JFS souhaite en tirer un maximum de profit en mettant l’acteur au centre de la représentation, plus
que jamais. L’acteur sera tout aussi important que le personnage qu’il joue.
Jusqu’à présent, il a monté des fables dans lesquelles, au fil de la représentation, les acteurs
arrivaient à établir un lien avec le spectateur, et faire en sorte que celui-ci n’ait plus la sensation
d’être au théâtre mais de construire le présent avec les acteurs. Pour ce projet-ci il souhaite faire
cela du début à la fin.
Ce qui l’intéresse chez Molière, c’est comment, par la comédie, on ré-enchante quelque chose. Dans
ce sens, Jean-François Sivadier précise que ce qu’il trouve extraordinaire dans le divertissement
c’est la forme : plus que le message, c’est le geste qui compte, la prise de risque.
Il y a une mise en péril, au théâtre, de toute parole de vérité : elle est vite démentie. La raison, dans
la comédie, est affaire de circonstance. Au-delà de savoir, donc, si le poème est beau ou pas, si
Alceste a raison ou pas, ce qui compte c’est qu’il y a une « mise en forme », un vrai plaisir à
construire une situation qui est sur le point d’exploser, et que Molière prend du plaisir à la faire
durer, et l’acteur prend du plaisir à la jouer.
LA PIECE :
Une vision globale de celle-ci s’impose pour pouvoir après l’aborder dans le détail. Comme nous
l’avons dit, pour JFS c’est une pièce à part dans le répertoire de Molière, et en plus très
contemporaine par le manque de linéarité et d’action.
Alceste, ennemi du genre humain, est amoureux de Célimène, la plus grande des coquettes. Philinte,
ami d’Alceste, est amoureux d’Eliante, qui trouve qu’Alceste est tout à fait acceptable comme
partenaire. La prude Arsinoé voudrait « prévenir » Alceste du manège de Célimène, et l’attirer vers
elle si possible. La première scène s’ouvre par une discussion « philosophique » entre Alceste et
Philinte. Pour le premier, être hypocrite c’est condamnable, pour le second être trop sincère c’est
une folie.
La facilité qu’on peut avoir à s’identifier tantôt à Philinte, tantôt, à Alceste, contrairement à Dom
Juan ou au Tartuffe, facilite le jeu de complicité avec le spectateur. C’est ce que JFS cherche…

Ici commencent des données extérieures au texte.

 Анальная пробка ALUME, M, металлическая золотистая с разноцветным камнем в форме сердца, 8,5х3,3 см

Philinte représente l’harmonie, Alceste la passion. C’est la tension entre les deux qui donne
naissance au jeu.
La situation de départ du spectacle est la suivante : c’est un groupe de gens qui jouent la pièce. Par
ce qu’ils disent et par ce qu’ils font sur le plateau, c’est le monde qu’ils inventent (le Louvre, la
Cour, le protocole). C’est donc une pièce de salon, où tout s’organise parce que des gens se
rapprochent, s’éloignent, se rencontrent, s’évitent. A priori personne n’a le pouvoir. Ce sont des
électrons libres, il n’y a pas de couples (trois femmes libres, non soumises aux hommes, ce sont
d’ailleurs elles qui font bouger la machine). Ils se ressemblent tous, ils sont tous égaux.
Dans ce contexte, donc, ils sont tous uniques. Mais, Alceste voudrait qu’on le distingue.

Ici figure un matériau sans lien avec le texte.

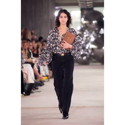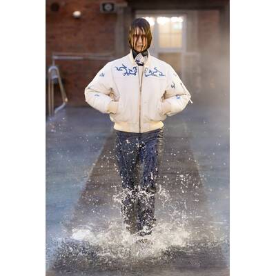 Das dänische Label Munthe zeichnet sich durch künstlerische, handgemalte Drucke und femininen Urban-Boho-Stil aus. Die Herbst/Winter-’25-Kollektion läutet mit verspielten Academia-Looks das Comeback der Preppy-Ästhetik ein. Oversized-Brillen, Schluppenblusen, weite Jeans und buchförmige Clutches betonen den spannenden Mix aus Alltagstauglichkeit und Retro-Chic. Bei den Daytime-Looks dominieren Cordanzüge, Kappen und gemütliches Layering, und erinnern an lebendige Uni-Seminare, während abends Pailletten, Spitze und Oversized-Fellmäntel die Szenerie legendärer Studentenpartys heraufbeschwören.

La mise en scène est conduite par les tentatives de l’un et l’autre de prendre le pouvoir. Mais ça ne
marche jamais. Ces tentatives mènent souvent à des confrontations, où l’opinion des autres compte
beaucoup. De sorte que, dans le salon de Célimène, les conversations ne sont pas superflues, il y a
un danger permanent auquel le spectateur est sensible. Ce danger permet aux acteurs/personnages et
aux spectateurs d’être dans le présent, d’être impliqués dans une situation qui devient de plus en
plus vertigineuse jusqu’à l’acte V.
Pour faire avancer la situation et développer la tension, Molière utilise ce que JFS a appelé la
dramaturgie de l’interruption. Tout le monde interrompt tout le monde. De manière artisanale, c’est
ainsi qu’est construite la pièce. Le désir grandit chez le spectateur de voir comment les acteurs vont
se tirer de cette situation qu’ils ont créée, comment ça va se résoudre.